**Required work**
Omit the images and output every line of the data below exactly.
------------------------------------
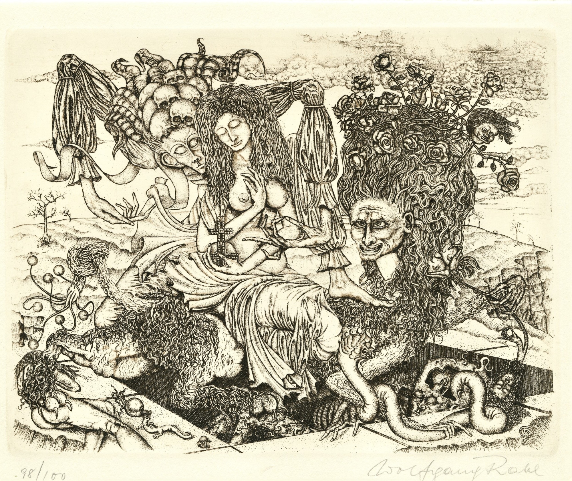 Item description: Nude woman resembling the Virgin Mary (holding orb with cross) suspended over square pit. To the right is a figure with wild and large hair with roses growing out of the top.
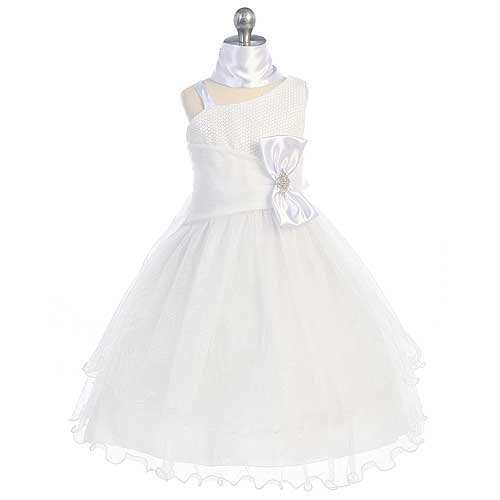 The Detailed Description of Chic Baby Little Girls 10 White 1 Shoulder Sequined Top Tulle SkirtFeatures
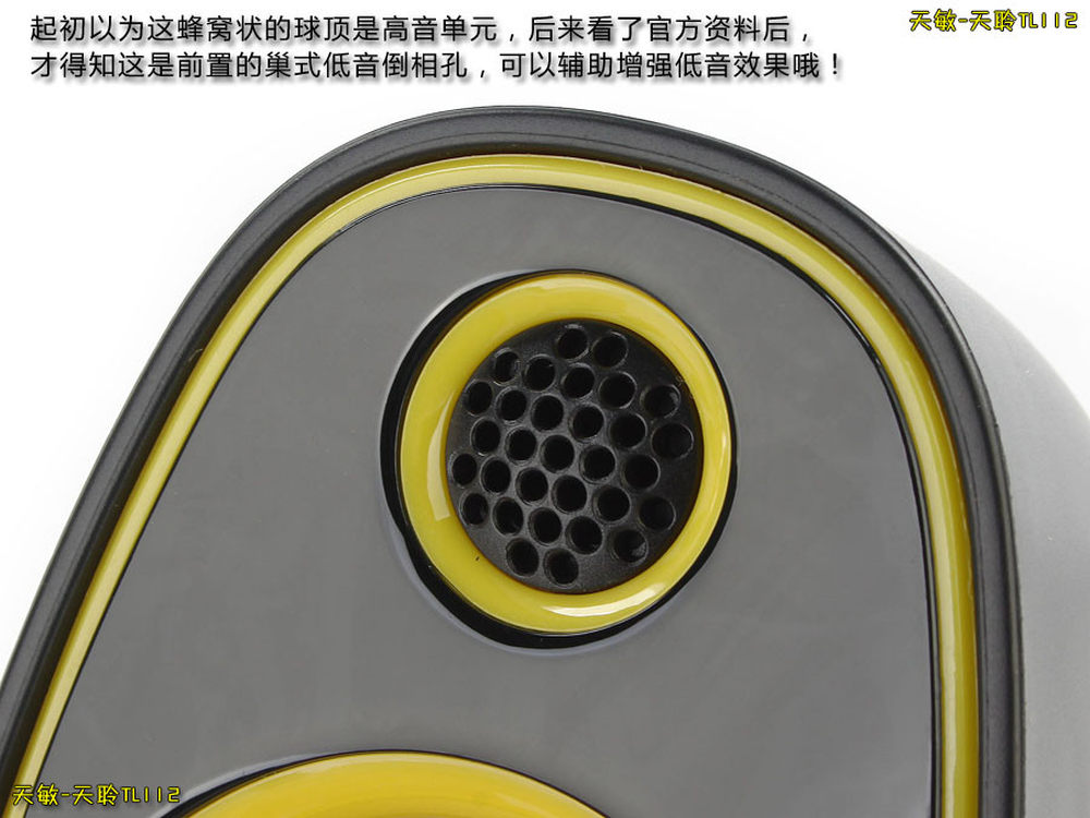 蜂窝状的球顶并不是高音单元,而是一只倒相孔,只为增强低音而设置,箱体虽小,但不能少了倒相孔。7/9
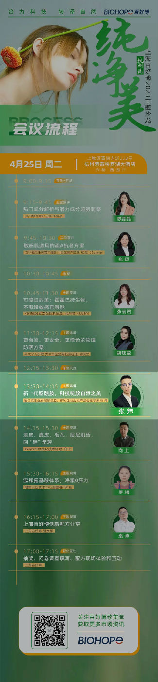 4月25日(下周二),上海百好博携一众国内化妆品行业大咖,在杭州西湖畔索菲特大酒店举行《纯净美》主题沙龙活动,旨在聚集化妆品生态领域专业人士,探讨纯净美妆的产业趋势及在此趋势下各个发展节点的机会与挑战。届时,太阳成集团官网事业发展部总监、IPR/生物合成产品合规专家张炜将做《新一代烟酰胺,科技绽放自然之美》的主题演讲。
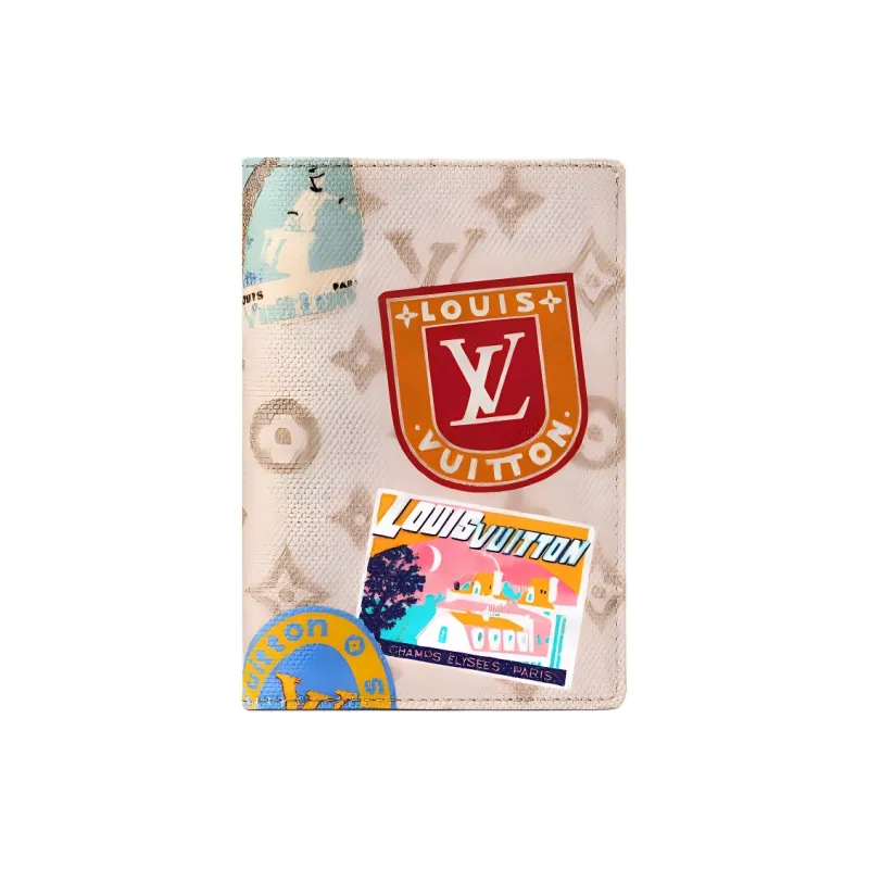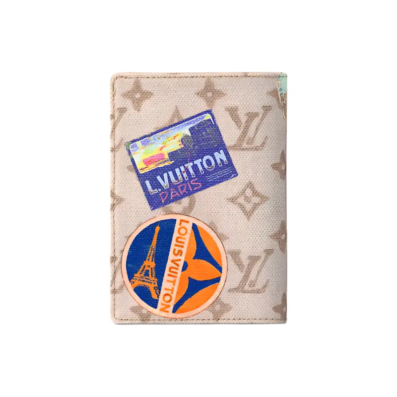 LOUIS VUITTON FLIGHT MODE Монограмма Dune Покрытый холст Держатель для паспорта Унисекс Бежевый
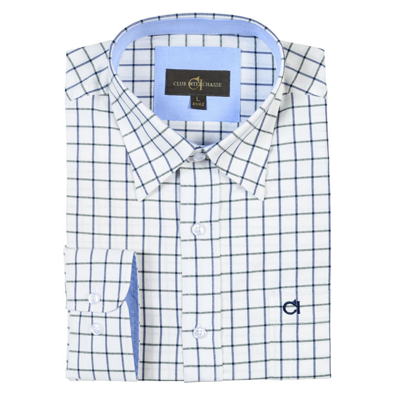 Toutes nos chemises sont livrées avec un bandeau à lemblème de Club Interchasse. Liserets des carreaux vert et bleu.
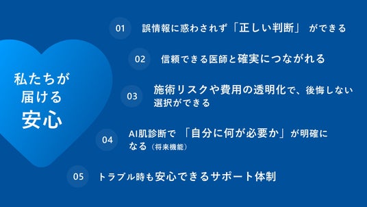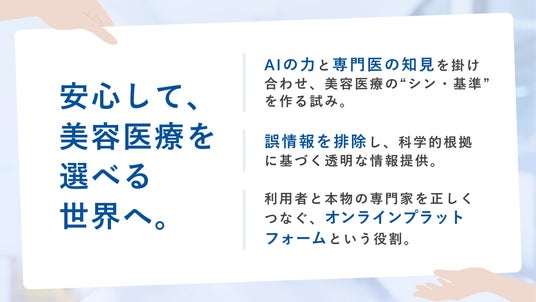こうした状況が続けば、経験豊富な医師が評価されず、価格や広告に惑わされた選択が主流となり、利用者の安全が損なわれるおそれがあります。私たちはAIと専門医の力で誤情報を排除し、科学的根拠に基づいた透明な情報を提供することで、安心して美容医療を選べる社会を実現したいと考えています。
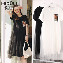 米度丽 孕妇连衣裙夏季长裙夏天裙子中长款t恤裙宽松网红潮妈孕妇装夏装 MOMO 7602 米白色 L码
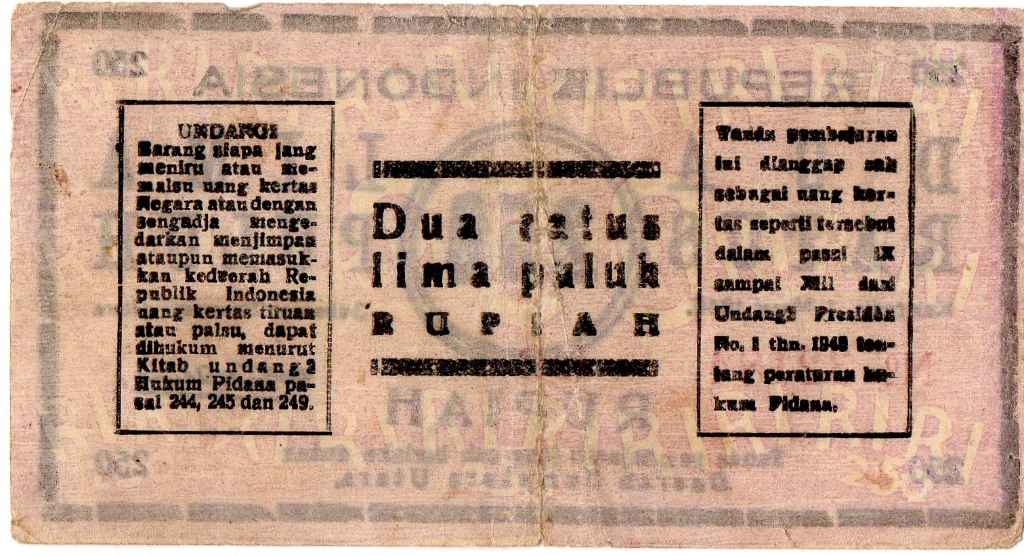 Indonesia - North Sumatera 250 Rupiah 01.03.1949
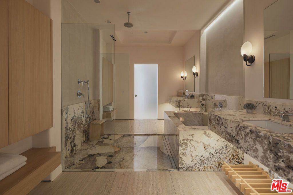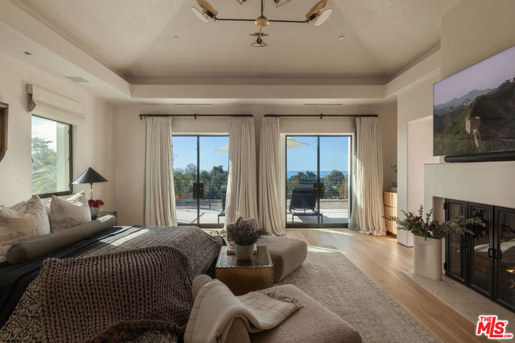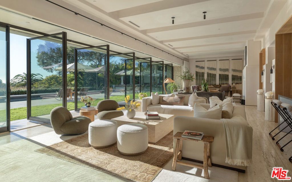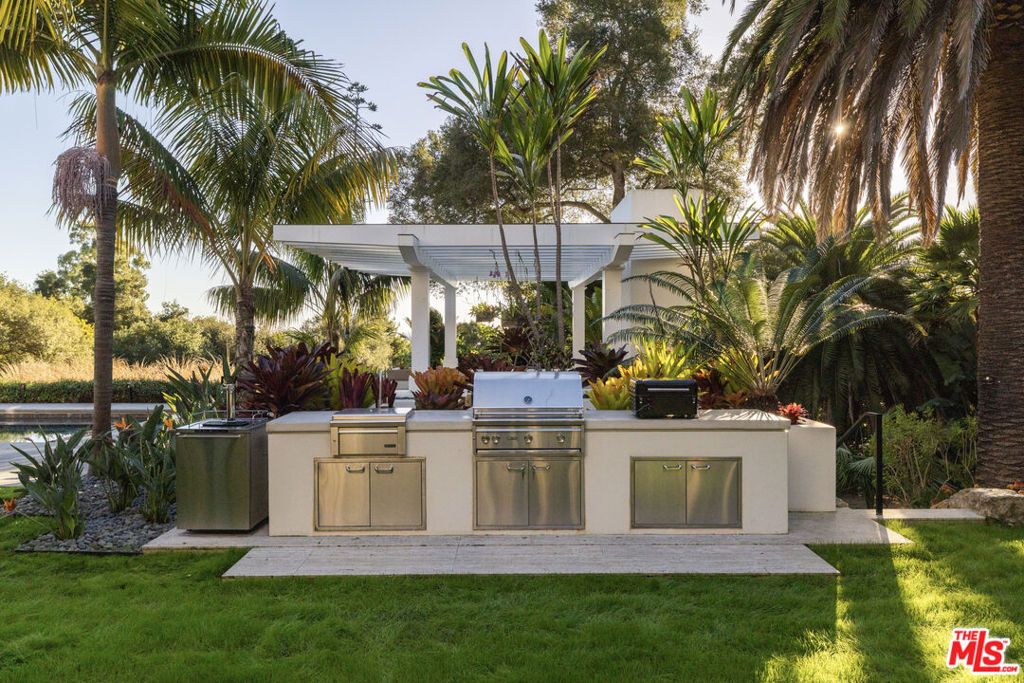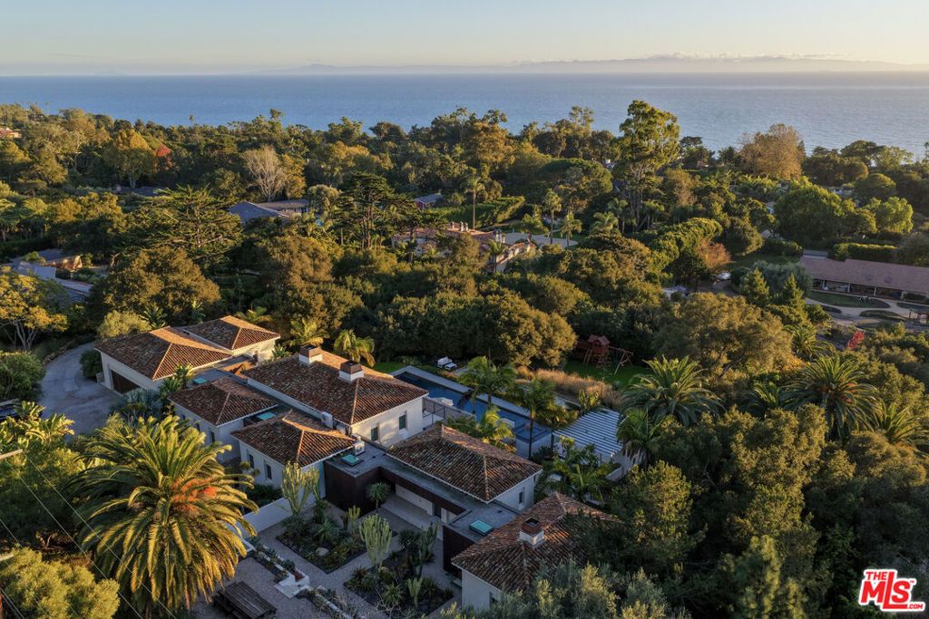 Perched above the coastline on 2.3 ocean-view acres in Hope Ranch, 4160 La Ladera Road is an architectural sanctuary where stone, light, and ocean views shape every moment. Thoughtfully composed, the estate blends contemporary Mediterranean lines with resort-style amenities to create a home that feels both sculptural and deeply livable. The entry is dramatic and processional. A double-height canyon of hand-laid limestone, framed by bold agaves and lush plantings, draws you in and guides you toward a glass-framed doorway with the first glimpse of the water beyond. Warm wood accents and carefully placed lighting amplify the sense of arrival and set the tone for what unfolds inside. Within, nature and architecture work in concert. Oversized pivoting iron-and-glass doors open the great room and main living areas to terraces, gardens, and the pool, turning the core of the home into a seamless indoor-outdoor pavilion. Long sightlines carry your eye to the horizon, while stone floors, high ceilings, and smooth plaster walls create a quiet, refined backdrop. The residence lives as three interrelated volumes. The lower level, wrapped in buff-colored Santa Barbara limestone, contains the primary gathering spaces and gives the structure a grounded, sculptural presence. Above, the upper floor is finished in light stucco and capped with a tile roof- a contemporary nod to Santa Barbara's Spanish heritage. A wide central corridor unites these spaces and makes the home feel expansive yet effortless to move through. At the heart of the plan, the kitchen and adjacent dining areas open directly to an ocean-facing terrace and the 75-foot swimming pool, so daily life and entertaining naturally spill outdoors. Sleek surfaces and professional-grade appliances are balanced by warm materials and ever-present views, creating a space that works as well for a quiet morning coffee as it does for a large gathering. Two primary suites offer distinct expressions of luxury: a main-floor suite with pivoting doors to the gardens and a spa-like bath with soaking tub and separate shower, and an upstairs suite with sweeping ocean vistas, custom designer closet and a sense of retreat. Additional en-suite bedrooms, an office, media room, and flexible spaces round out a floor plan that supports both privacy and connection. Outside, the estate lives like a private resort. The long pool and spa stretch along the horizon, bordered by generous terraces for lounging and dining. A modern open-air pavilion with a fireplace becomes the natural gathering spot at dusk. Bocce ball, courtyards, an orchard, and layered botanical and cactus gardens create a series of outdoor rooms to enjoy from morning to evening. A detached structure-currently used as an ocean-view gym-opens to its own terrace and captures the golden Santa Barbara light. A separate spa building with a sauna, a temperature controlled wine cellar, and thoughtfully curated landscape elements complete a property designed for both daily comfort and unforgettable stays. Set within the coveted enclave of Hope Ranch, with exclusive access to the residents-only beach and more than 20 miles of riding trails, 4160 La Ladera Road offers the privacy of a retreat with the ease of world-class coastal living.
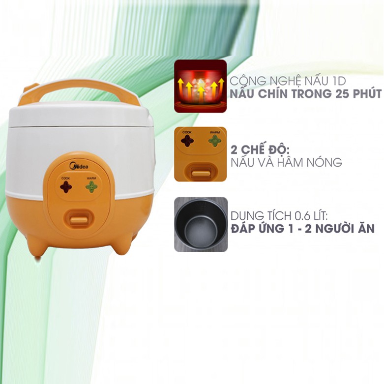 Thiết Bị Điện Gia Dụng > Đồ gia dụng nhà bếp > Nồi cơm điện || [Chính hãng] Nồi cơm điện mini Midea 0.6 lít MR-CM06SD, hàng chính hãng , bảo hành 12 tháng toàn quốc , lỗi 1 đổi 1
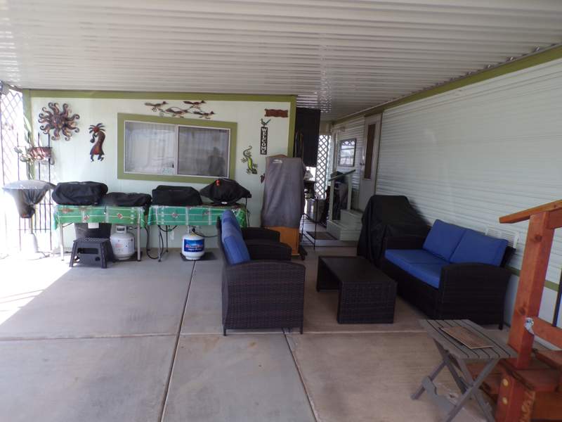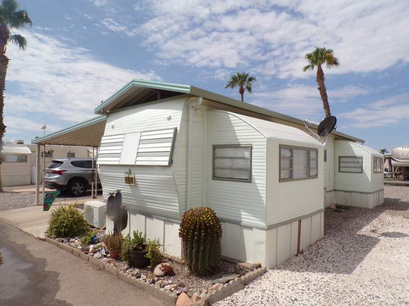 This charming Park Model home in Indian Skies community in Coolidge, AZ is the perfect cozy retreat. Built in 1977, this 1.0 bed, 1.0 bath home offers a spacious living room, a comfortable master bedroom. The exterior features a convenient carport, a storage shed whhich offers an washer/dryer combo for the added convenience of doing laundry from the comforts of home, and a roof over to shield from the Arizona sun, with a nice covered patio with chairs to sit and enjoy the Arizona evenings. Inside, the home is equipped with essential appliances such as a fridge, oven, microwave. Dual mini splits have been installed to keep you cool in the summer and warm int he winter.
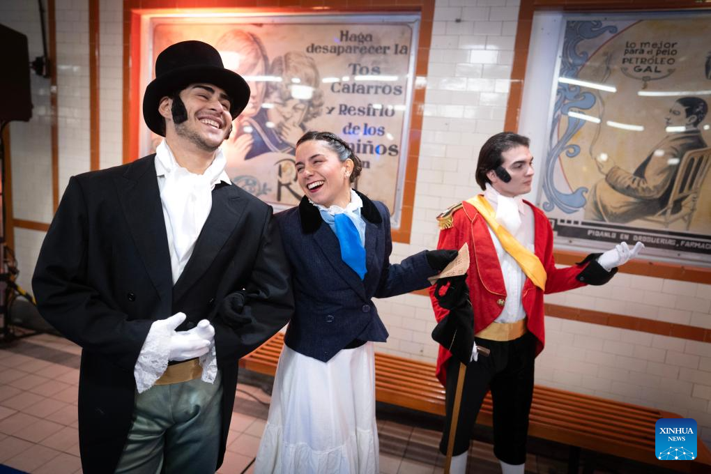 BUENOS AIRES, 9 julio, 2025 (Xinhua) -- Imagen del 8 de julio de 2025 de actores portando vestimenta de época en la estación Perú del metro de Buenos Aires durante un paseo histórico en los antiguos coches La Brugeoise, en el marco de las celebraciones por el Día de la Independencia, en la ciudad de Buenos Aires, capital de Argentina. (Xinhua/Martín Zabala)
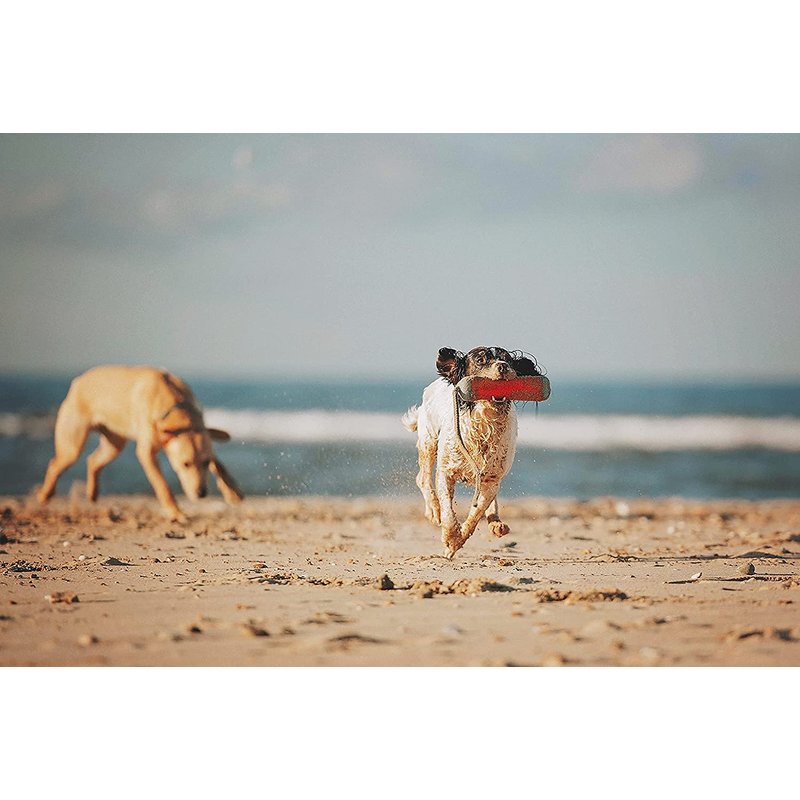 - Durable Design: The Chuckit water dog toy is made of nylon, rubber, and EVA foam that's soft on dog's gums and teeth. The fetch toy also withstands aggressive chewing. Easy to clean, just rinse off
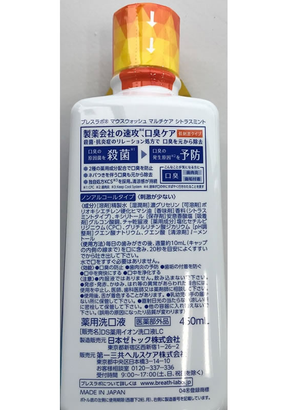 第一三共 ブレスラボ マウスウォッシュ マルチケア シトラスミント 450mL 1本(ご注文単位1本)【直送品】
------------------------------------
**Solved problem**
 Item description: Nude woman resembling the Virgin Mary (holding orb with cross) suspended over square pit. To the right is a figure with wild and large hair with roses growing out of the top.
 The Detailed Description of Chic Baby Little Girls 10 White 1 Shoulder Sequined Top Tulle SkirtFeatures
 蜂窝状的球顶并不是高音单元,而是一只倒相孔,只为增强低音而设置,箱体虽小,但不能少了倒相孔。7/9
 4月25日(下周二),上海百好博携一众国内化妆品行业大咖,在杭州西湖畔索菲特大酒店举行《纯净美》主题沙龙活动,旨在聚集化妆品生态领域专业人士,探讨纯净美妆的产业趋势及在此趋势下各个发展节点的机会与挑战。届时,太阳成集团官网事业发展部总监、IPR/生物合成产品合规专家张炜将做《新一代烟酰胺,科技绽放自然之美》的主题演讲。
 LOUIS VUITTON FLIGHT MODE Монограмма Dune Покрытый холст Держатель для паспорта Унисекс Бежевый
 Toutes nos chemises sont livrées avec un bandeau à lemblème de Club Interchasse. Liserets des carreaux vert et bleu.
こうした状況が続けば、経験豊富な医師が評価されず、価格や広告に惑わされた選択が主流となり、利用者の安全が損なわれるおそれがあります。私たちはAIと専門医の力で誤情報を排除し、科学的根拠に基づいた透明な情報を提供することで、安心して美容医療を選べる社会を実現したいと考えています。
 米度丽 孕妇连衣裙夏季长裙夏天裙子中长款t恤裙宽松网红潮妈孕妇装夏装 MOMO 7602 米白色 L码
 Indonesia - North Sumatera 250 Rupiah 01.03.1949
 Perched above the coastline on 2.3 ocean-view acres in Hope Ranch, 4160 La Ladera Road is an architectural sanctuary where stone, light, and ocean views shape every moment. Thoughtfully composed, the estate blends contemporary Mediterranean lines with resort-style amenities to create a home that feels both sculptural and deeply livable. The entry is dramatic and processional. A double-height canyon of hand-laid limestone, framed by bold agaves and lush plantings, draws you in and guides you toward a glass-framed doorway with the first glimpse of the water beyond. Warm wood accents and carefully placed lighting amplify the sense of arrival and set the tone for what unfolds inside. Within, nature and architecture work in concert. Oversized pivoting iron-and-glass doors open the great room and main living areas to terraces, gardens, and the pool, turning the core of the home into a seamless indoor-outdoor pavilion. Long sightlines carry your eye to the horizon, while stone floors, high ceilings, and smooth plaster walls create a quiet, refined backdrop. The residence lives as three interrelated volumes. The lower level, wrapped in buff-colored Santa Barbara limestone, contains the primary gathering spaces and gives the structure a grounded, sculptural presence. Above, the upper floor is finished in light stucco and capped with a tile roof- a contemporary nod to Santa Barbara's Spanish heritage. A wide central corridor unites these spaces and makes the home feel expansive yet effortless to move through. At the heart of the plan, the kitchen and adjacent dining areas open directly to an ocean-facing terrace and the 75-foot swimming pool, so daily life and entertaining naturally spill outdoors. Sleek surfaces and professional-grade appliances are balanced by warm materials and ever-present views, creating a space that works as well for a quiet morning coffee as it does for a large gathering. Two primary suites offer distinct expressions of luxury: a main-floor suite with pivoting doors to the gardens and a spa-like bath with soaking tub and separate shower, and an upstairs suite with sweeping ocean vistas, custom designer closet and a sense of retreat. Additional en-suite bedrooms, an office, media room, and flexible spaces round out a floor plan that supports both privacy and connection. Outside, the estate lives like a private resort. The long pool and spa stretch along the horizon, bordered by generous terraces for lounging and dining. A modern open-air pavilion with a fireplace becomes the natural gathering spot at dusk. Bocce ball, courtyards, an orchard, and layered botanical and cactus gardens create a series of outdoor rooms to enjoy from morning to evening. A detached structure-currently used as an ocean-view gym-opens to its own terrace and captures the golden Santa Barbara light. A separate spa building with a sauna, a temperature controlled wine cellar, and thoughtfully curated landscape elements complete a property designed for both daily comfort and unforgettable stays. Set within the coveted enclave of Hope Ranch, with exclusive access to the residents-only beach and more than 20 miles of riding trails, 4160 La Ladera Road offers the privacy of a retreat with the ease of world-class coastal living.
 Thiết Bị Điện Gia Dụng > Đồ gia dụng nhà bếp > Nồi cơm điện || [Chính hãng] Nồi cơm điện mini Midea 0.6 lít MR-CM06SD, hàng chính hãng , bảo hành 12 tháng toàn quốc , lỗi 1 đổi 1
 This charming Park Model home in Indian Skies community in Coolidge, AZ is the perfect cozy retreat. Built in 1977, this 1.0 bed, 1.0 bath home offers a spacious living room, a comfortable master bedroom. The exterior features a convenient carport, a storage shed whhich offers an washer/dryer combo for the added convenience of doing laundry from the comforts of home, and a roof over to shield from the Arizona sun, with a nice covered patio with chairs to sit and enjoy the Arizona evenings. Inside, the home is equipped with essential appliances such as a fridge, oven, microwave. Dual mini splits have been installed to keep you cool in the summer and warm int he winter.
 BUENOS AIRES, 9 julio, 2025 (Xinhua) -- Imagen del 8 de julio de 2025 de actores portando vestimenta de época en la estación Perú del metro de Buenos Aires durante un paseo histórico en los antiguos coches La Brugeoise, en el marco de las celebraciones por el Día de la Independencia, en la ciudad de Buenos Aires, capital de Argentina. (Xinhua/Martín Zabala)
 - Durable Design: The Chuckit water dog toy is made of nylon, rubber, and EVA foam that's soft on dog's gums and teeth. The fetch toy also withstands aggressive chewing. Easy to clean, just rinse off
 第一三共 ブレスラボ マウスウォッシュ マルチケア シトラスミント 450mL 1本(ご注文単位1本)【直送品】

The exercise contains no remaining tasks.